Skip to content

csv_dataset

CSVDataset

Bases: InMemoryDataset

A dataset from a CSV file.

CSVDataset reads entries from a CSV file, where the first row is the header. The root directory of the csv file may be accessed using dataset.parent_path. This may be useful if the csv contains relative path information that you want to feed into, say, an ImageReader Op.

Parameters:

Name Type Description Default
file_path str

The (absolute) path to the CSV file.

required
delimiter str

What delimiter is used by the file.

','
kwargs

Other arguments to be passed through to pandas csv reader function. See the pandas docs for details: https://pandas.pydata.org/pandas-docs/stable/reference/api/pandas.read_csv.html.

{}
Source code in fastestimator\fastestimator\dataset\csv_dataset.py
class CSVDataset(InMemoryDataset):
    """A dataset from a CSV file.

    CSVDataset reads entries from a CSV file, where the first row is the header. The root directory of the csv file
    may be accessed using dataset.parent_path. This may be useful if the csv contains relative path information
    that you want to feed into, say, an ImageReader Op.

    Args:
        file_path: The (absolute) path to the CSV file.
        delimiter: What delimiter is used by the file.
        kwargs: Other arguments to be passed through to pandas csv reader function.
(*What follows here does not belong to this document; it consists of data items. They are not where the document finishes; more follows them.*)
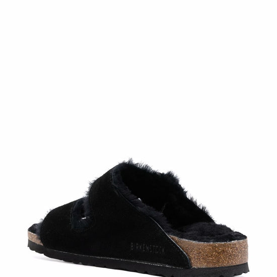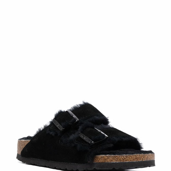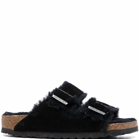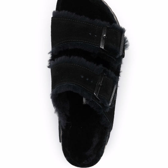 Black suede open toe side buckle fastening shearling lining branded insole rubber sole arizona shearling suede sandals size and fit - narrow width
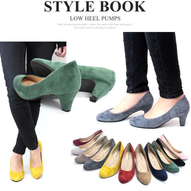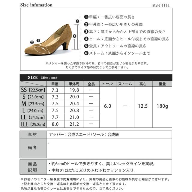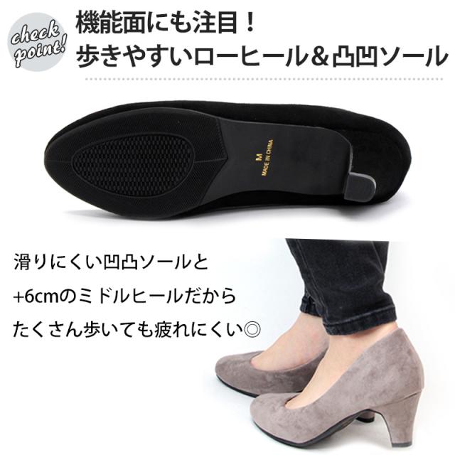 パンプス 痛くない ミドルヒール 1111 22.5-25cm 柔らかい クッション インソール 低反発 靴 クツ 走れる アーモンドトゥ スエード レザー 合成皮革 黒 ブラック ベージュ ネイビー プチプラ 通勤 レディース
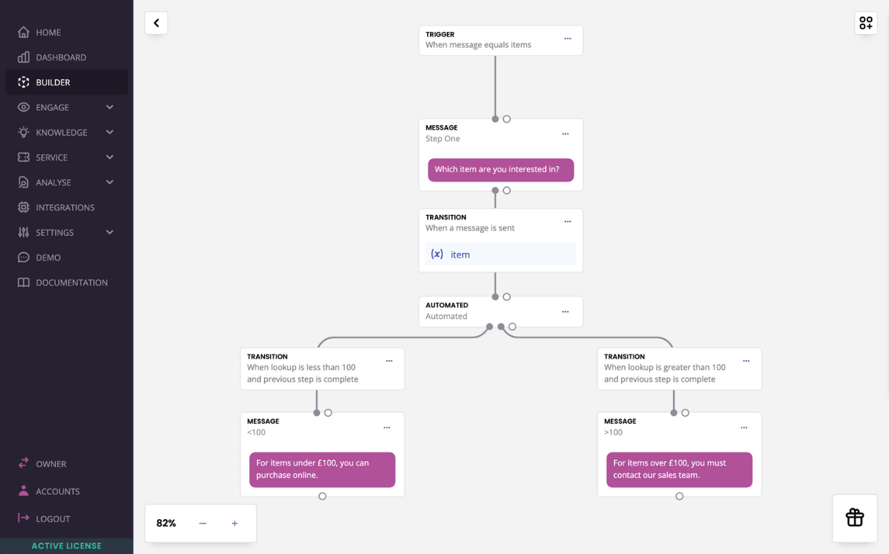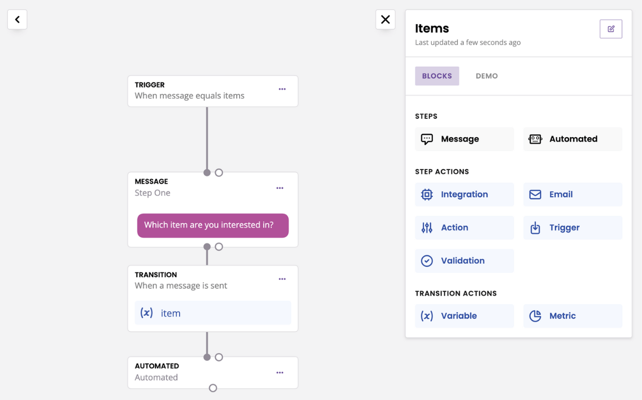 We want the chatbot to ask the user which item they’re interested in purchasing. Then, depending on the price of the item, we will send the user down two different paths.
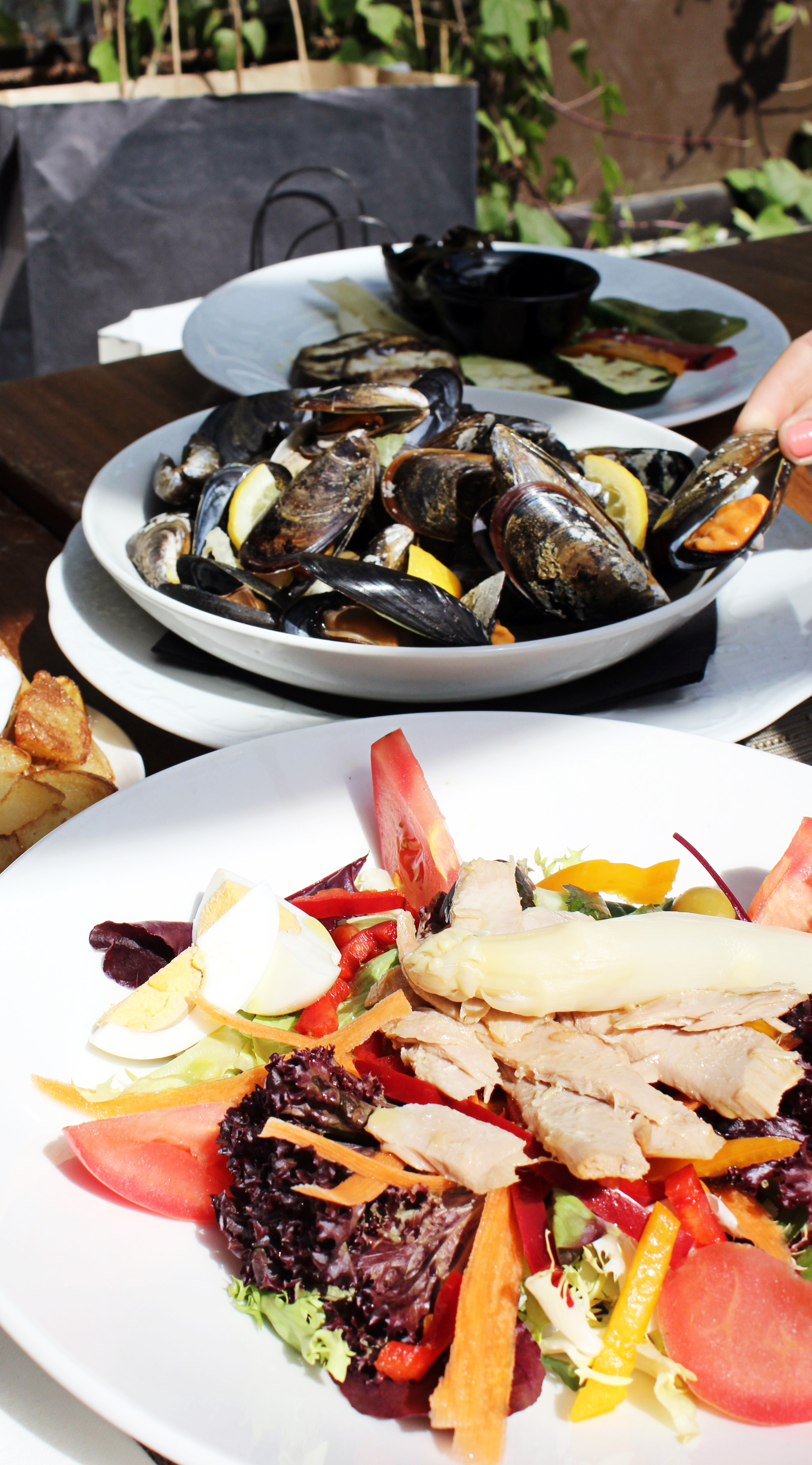 och åt en lunch. Ångkokta müsslor, tonfisksallad och annat gott.
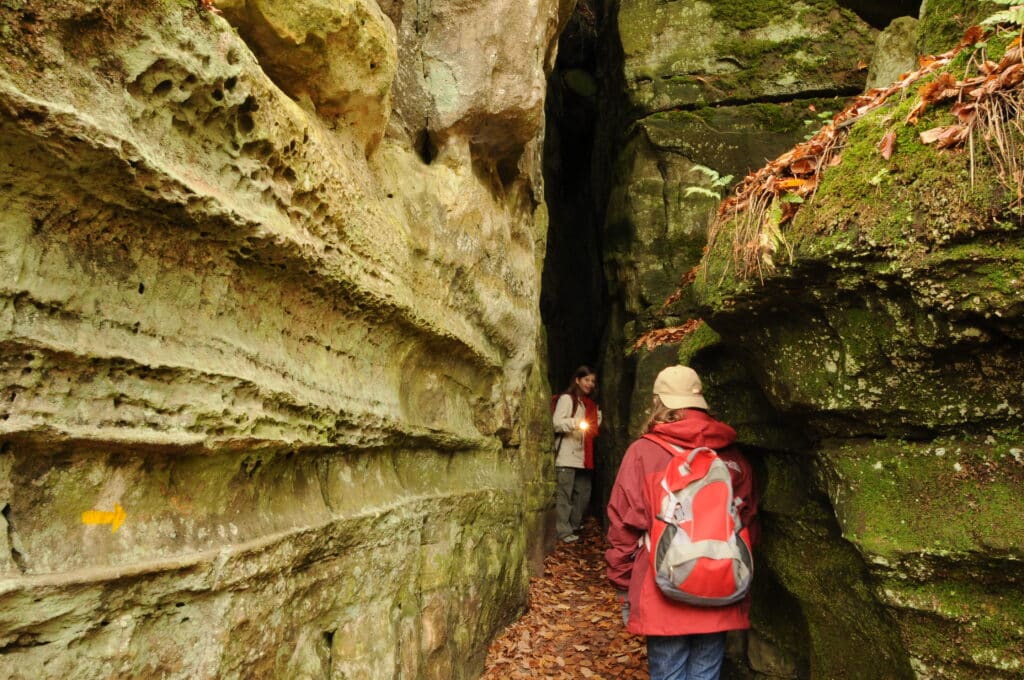 Die „Kuelscheier“ ist eines der geologischen Highlights der Region Müllerthal : eine stockfinstere und über 100m lange Felspalte welche über Treppen durch den Fels führt. Oben angekommen hat man eine herrliche Aussicht. Während der Wanderung zum Tagesziel zwängt ihr euch durch bizarre Felsformationen und schmale Felspassagen wie dem Rittergang und dem „Déiwepëtz“. Teeschenlampe nicht vergessen!
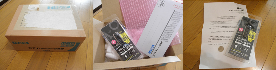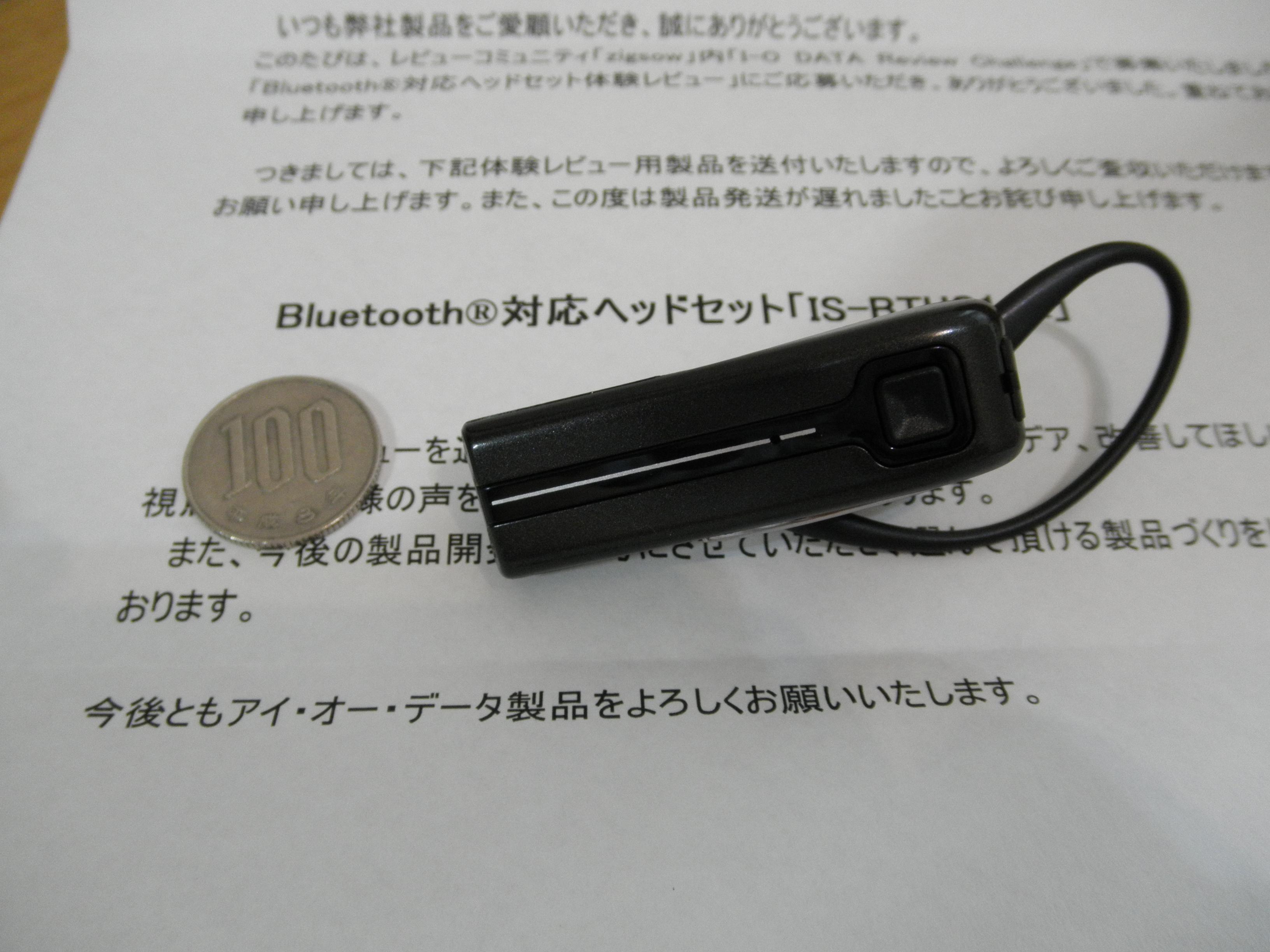 やっと100円玉大きさ比較でサイズがわかる....非常に小さないブリスターパックで我が家にやってきたIS-BTHS1/Kですが、見た目はかなりオーソドックス。でも生まれて初めてのBluetooth 3.0 ヘッドセット!
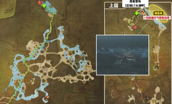 在極端天氣的夜晚,我們能夠去往緋紅森林區域17的釣魚地點。
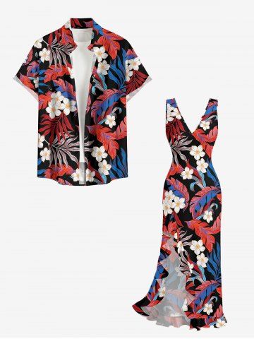 Tropical Leaf Flower Print Hawaii Ruffles Split Dress - Cherry Red - Xl

See the pandas docs for details:
            https://pandas.pydata.org/pandas-docs/stable/reference/api/pandas.read_csv.html.
    """
    def __init__(self, file_path: str, delimiter: str = ",", **kwargs) -> None:
        df = pd.read_csv(file_path, delimiter=delimiter, **kwargs)
        self.parent_path = os.path.dirname(file_path)
        super().__init__(df.to_dict(orient='index'))